Но на четвертый день, еще задолго до назначенного времени, я уж ходил по соседним бульварам, ежеминутно посматривая на часы. Я вошел минута в минуту и секунда в секунду в указанный мне час, и первые слова, которые я услышал от улыбающейся мне хозяйки, были: 

— А мы думали, что вы совсем о нас забыли! 

— Значит, мне можно приходить и чаще? — спросил я. 

— Конечно, хоть каждый день. 

— Ну так я буду приходить к вам каждый день, — ответил я. 

И я стал бывать у нее ежедневно часов от восьми или девяти вечера и возвращался домой далеко за полночь. Ходить ранее мне не дозволяли обычные занятия, да я и не знал еще в первое время, что своеобразный салон Алексеевой был полон посетителями с утра до ночи... 
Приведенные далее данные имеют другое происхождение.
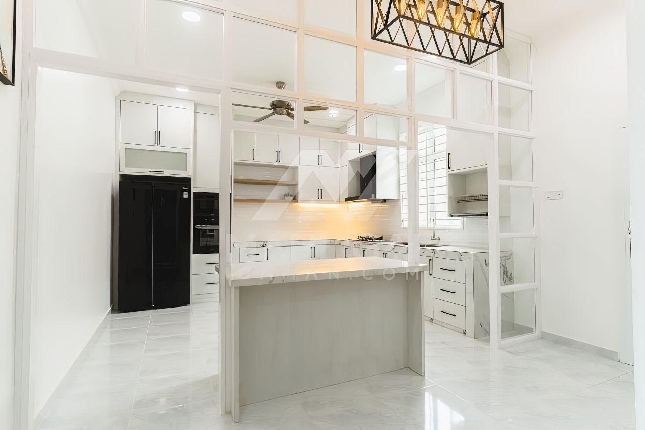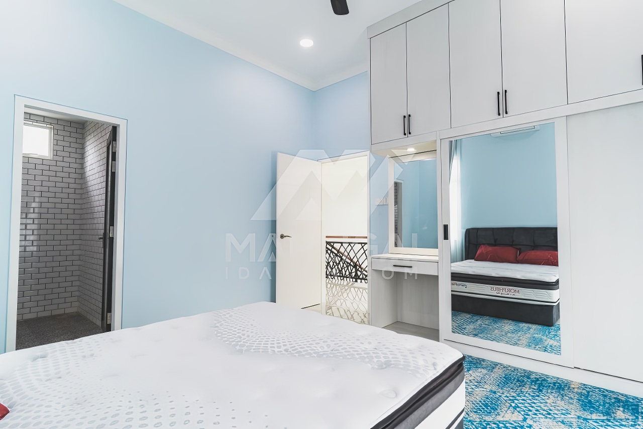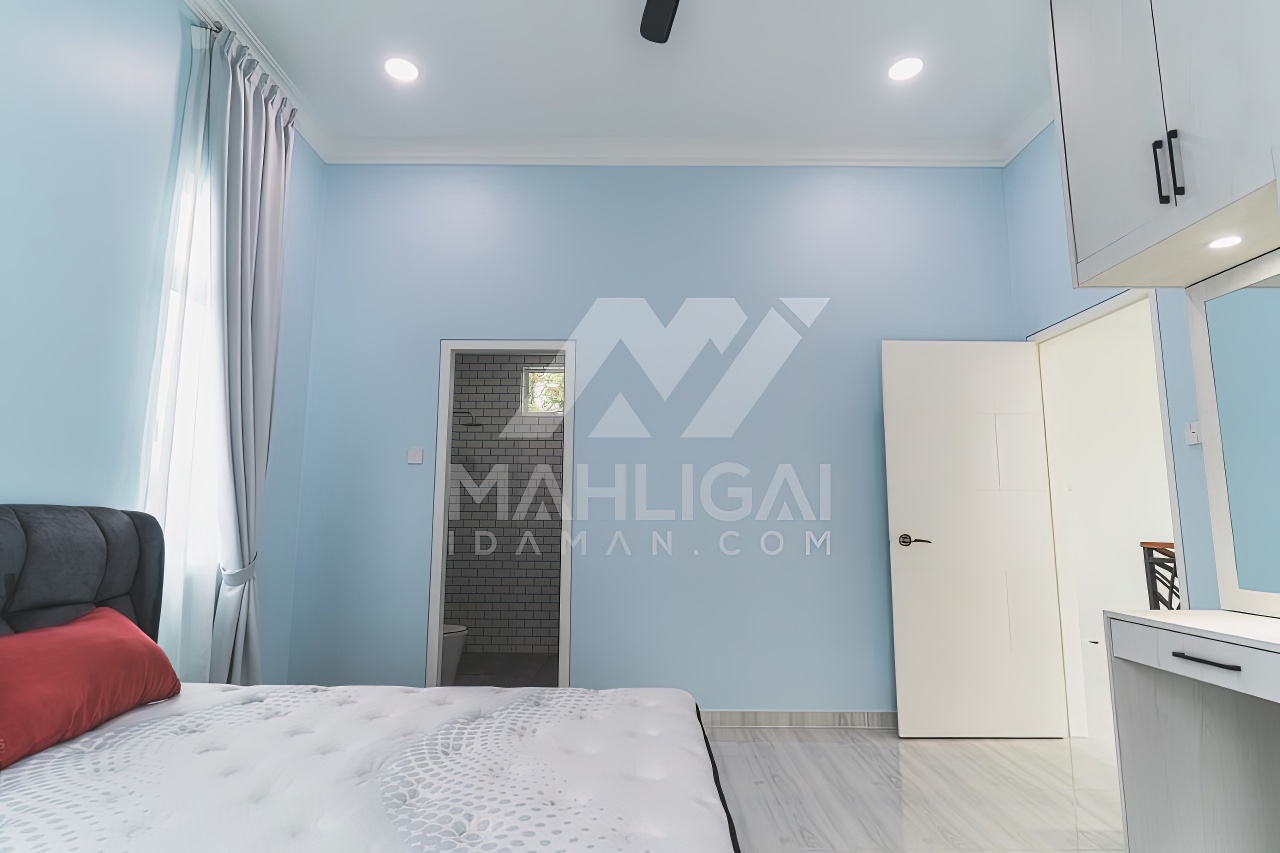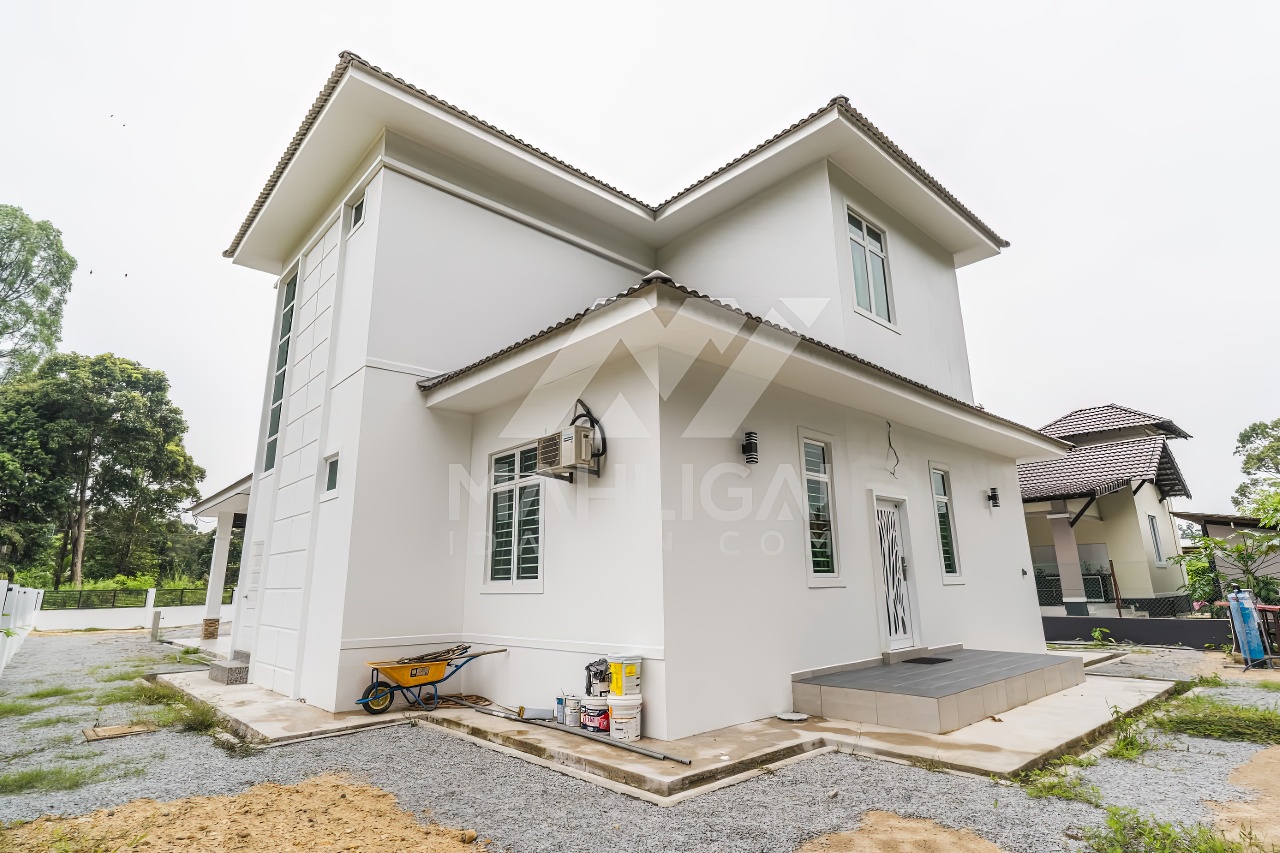 Banglo dua tingkat milik klien kami Encik Nazreen kini telah siap dibina sepenuhnya di Peringat, Kota Bharu, Kelantan. Banglo ini dilengkapi dengan empat (4) bilik tidur dan tiga (3) bilik air. Banglo yang berkeluasan 2,920 kaki persegi ini menggabungkan ciri-ciri banglo moden iaitu dari segi rekabentuk dalaman dan luaran yang sangat menarik. Dari segi penggunaan tona putih. Bahagian dalam rumah pula mereka memilih warna biru dan kuning muda, menaikan lagi seri dan kemewahan dalam rumah.

Мало-помалу я стал различать физиономии отдельных членов этого кружка; быстро подружился с Кравчинским, Шишко и еще одним молоденьким безусым студентом, Александром Лукашевичем, замечательно симпатичным, всегда улыбавшимся юношей, казавшимся лишь немного старше меня, так что в первое время я был даже разочарован, встретив такого молодого человека в таком серьезном обществе, где, кроме нас двоих, не было ни одного безусого и безбородого.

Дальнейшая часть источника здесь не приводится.